Since data science jobs have become so desirable, many actuaries are “rebranding” themselves as data scientists. This requires some major career renovations. For one thing, it is difficult to move from the structured field of actuarial data to unstructured big data that may be harvested even from social media posts. Being comfortable with the use of artificial intelligence is a quantum leap as well, but necessary for handling the huge increase in data.

Data science may, however, reduce the number of actuarial jobs currently available. The website notes that the American association Casualty Actuarial Society has created a new certification in data science. Additionally, since both deal in future modeling and the primary difference in the professions is that data scientists have a proficiency in computer technologies, it seems likely that data scientists could assume the duties of an actuary by looking at all the information in terms of data sets.

Actuaries, however, use data to predict future financial trends. Data scientists analyze data, a lot of data, to identify patterns that may be used for forecasting. Although human instinct and input cannot be replicated by machines today, data scientists are designing computers and programs which may be used to perform many of the actuarial duties. There are a lot of advantages to this.

• Computers are faster
• Computers are more accurate
• Automated systems may be cheaper in the long run

So, if an automated system is perfected, data scientists may replace actuaries. Another possibility is that the delineation between the professions will blur as more programs are automated in the interest of handling increased data and professionals are required to have extensive computer skills and knowledge. The best way for actuaries to protect their jobs is to gain expertise in computing and the other skills needed in data science.

Can Data Science Replace Actuaries?

Data scientists and actuaries are as different as they are alike. They have similar skill sets, educational requirement, and responsibilities. They both analyze data to make educated future predictions and use a lot of the same techniques while doing so. Both actuaries and data scientists crave data because the more data they get, the better they can be at their prospective jobs.

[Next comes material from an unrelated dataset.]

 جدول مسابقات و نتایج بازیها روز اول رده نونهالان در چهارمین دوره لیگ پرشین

Their responsibilities might be similar, but their actual duties are different. Actuaries are found mostly working with insurance companies. Their duties include estimating costs of losses, predicting the likelihood of loss and advising as to what should be charged to cover the loss and be profitable. Data scientists, on the other hand, can be found in almost any industry and will be given much harder problems to solve. In addition to solving the problem or answering the question, they also have to design the question. Based on these facts and the importance of both. there is little chance that data science will replace actuaries

Career Outlook for Both


The career outlook is very good for both data scientists and actuaries. A job growth of 22 percent is predicted for actuaries during the 2016-2026 decade, according to the BLS. IBM predicted that demand for data scientists would jump to 28 percent by 2020, according to a Forbes 2017 report. Salaries for data scientists ranged from $60,000 to more than $140,000 while data scientist wages ranged from $50,240 to $145,921, according to a PayScale July 2018 report.

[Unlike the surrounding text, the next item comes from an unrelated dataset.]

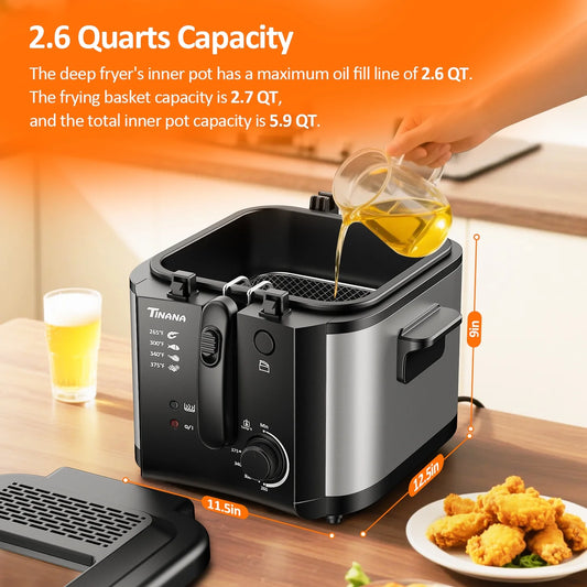 Electric Deep Fryer with Basket and Lid, 5.9 Qt Enamel Fry Pot, 2.6 Qt Oil Capacity, Stainless Steel Oil Fryer for Home, Chicken & French Fries Maker, Easy Clean Deep Fat Fryer

Although we tend to think of data science as being a new field, it’s actually been around since actuarial science was first used in the 1980s. While the careers, duties, and responsibilities of actuaries and data scientists tend to intertwine, it’s highly unlikely that data science will replace actuaries because they both have their importance.

It is certain, however, that as machines learn to imitate human instinct and “hunches,” data science will gain an edge over actuaries which may lead to merging the professions. This may not happen for decades, but data is increasing exponentially, and machine learning is adapting to human tasks to meet the needs of this exploding field. Additionally, the ability of actuaries to keep up with an ever-changing database is being taxed. so, the question posed at the beginning of this article, “actuary vs data scientist: what is the difference,” may be best answered with the qualification, “assuming there is a difference.”